Corry set his jaw. “No way. She'll understand, in time."
Chartreuse tried to find the words. "You know, in some ways, you're more dangerous to Laurie than Carrie could ever be."
Corry’s eyes narrowed. “Stop being overly dramatic. I thank you for your assistance, and hope that you and Laurie have a wonderful afternoon meditating. However, now that she’s improving, I have more important things to attend to.”
With that, Corry spun on his heel and stalked off into his own bedroom, closing the door behind him.
Chartreuse stood quietly for a moment. "You know, I do hope I'm overreacting," she murmured to no one in particular. "I really, really do. But... I don't think I am."
***
It was after ten o'clock that night when Julie arrived at Carrie's house. Carrie let her in through the window, whispering, "Sorry about this. But once Dad's gone to bed, I can let you out through the front door."
Julie nodded. “No worries... aw, you're really looking worse for wear," she remarked. “What did Frank do to you?"
Carrie moved to sit on her bed, gesturing for Julie to join her. Instead, Julie pulled out the chair at her desk. "Frank didn't do anything, really," Carrie answered. "Aside from bringing in Luci to screw things up."

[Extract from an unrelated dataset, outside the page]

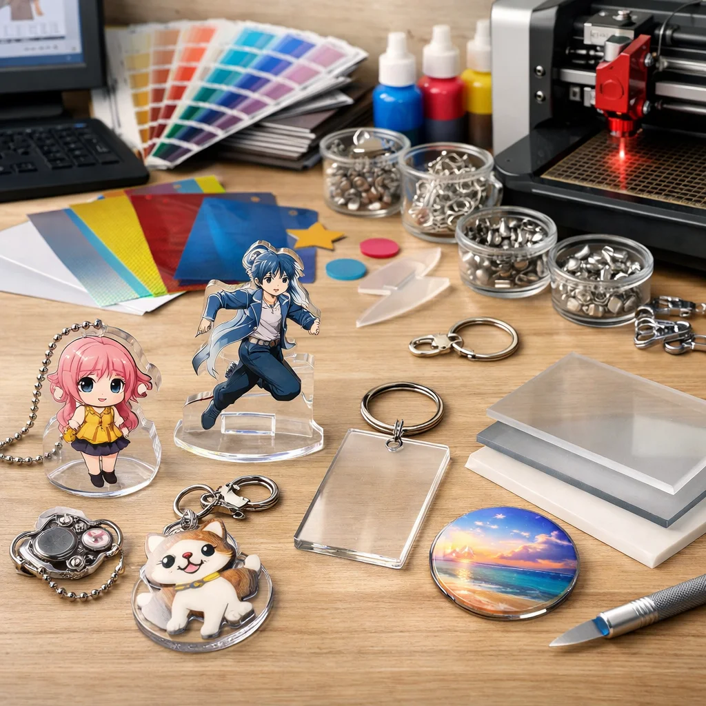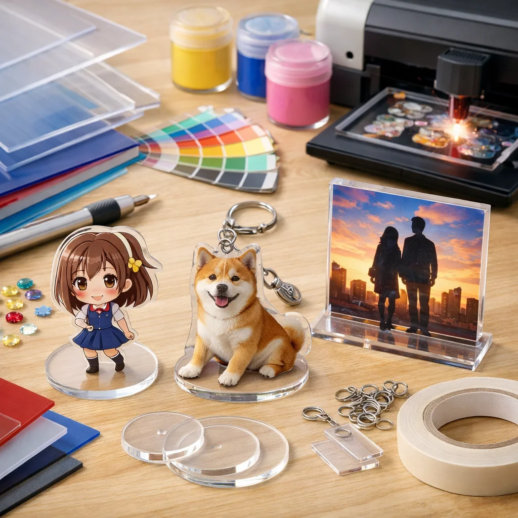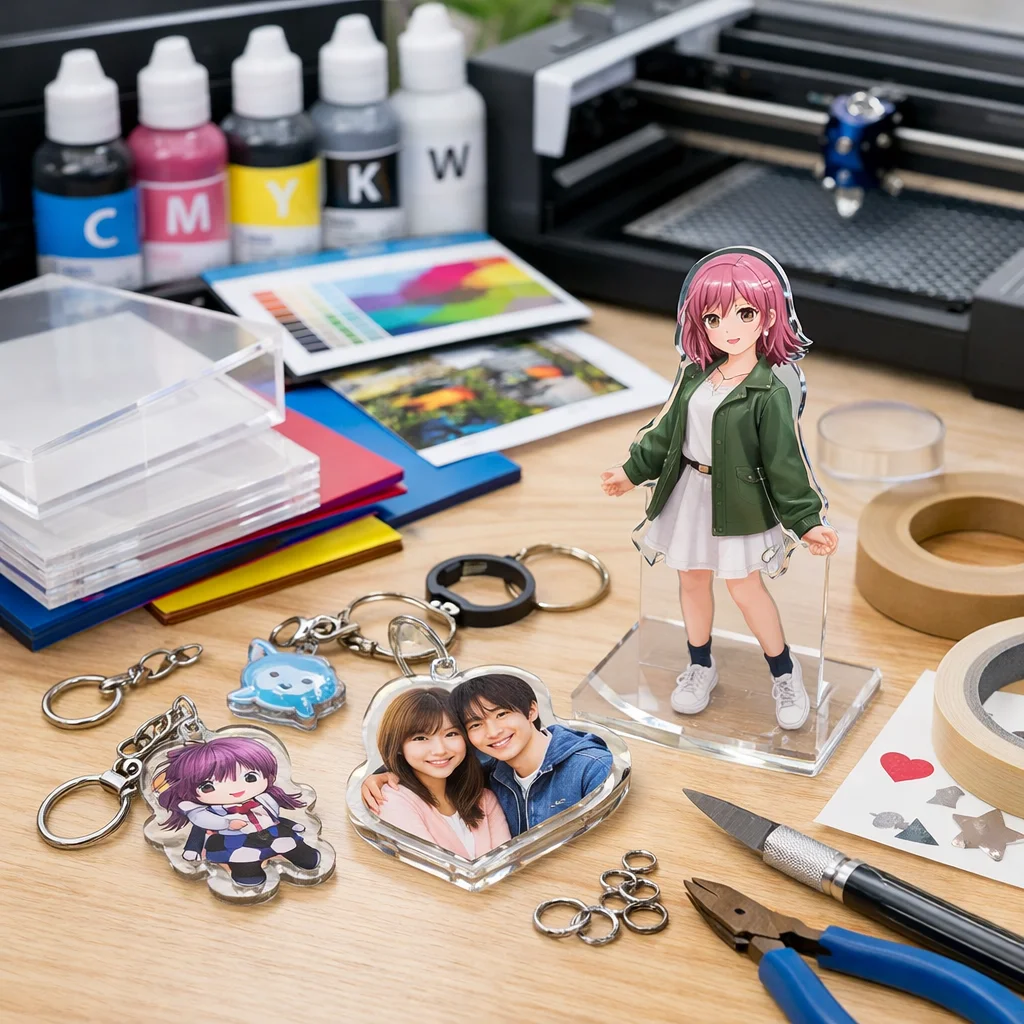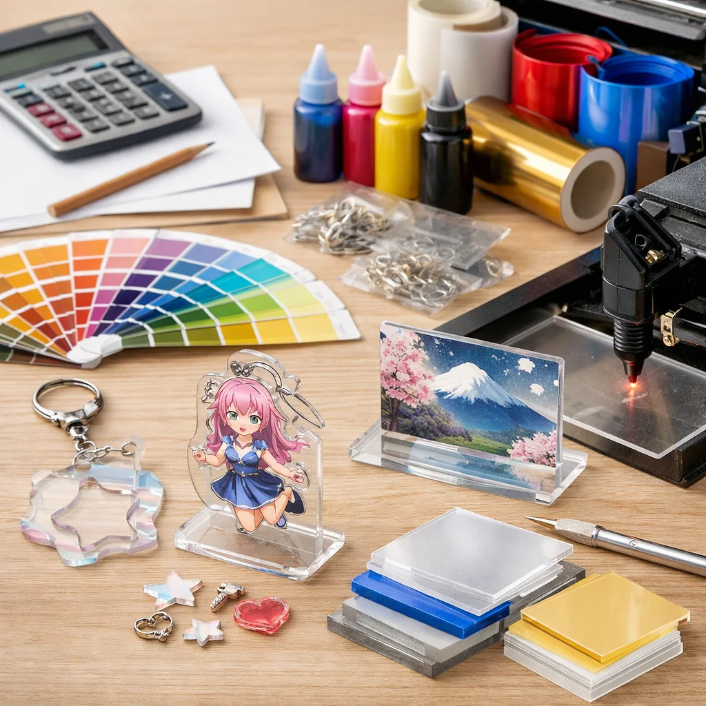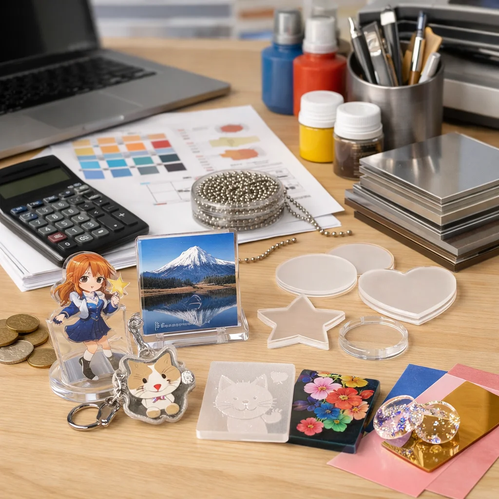 アクリルグッズの費用は市場の動向、特に短納期化やオンデマンド生産、フルカラーUV印刷、特殊フィルムの流行に影響されます。効率的な加工選択がコストダウンの鍵です。

Julie froze, halfway to a seated position. "Luci?" She nodded slowly then sank into the chair. "Luci. Very well. What happened with her?”
Carrie grabbed one of her pillows, hugging it. "The infuriating little know-it-all mucked with the circuits of the time machine, dazzling Frank with her know how while frying the machine in the process. It’s broken now.”
Julie sat rigidly for a moment. "Okay," she said, managing a smile. "You can confirm the existence of a time machine then?"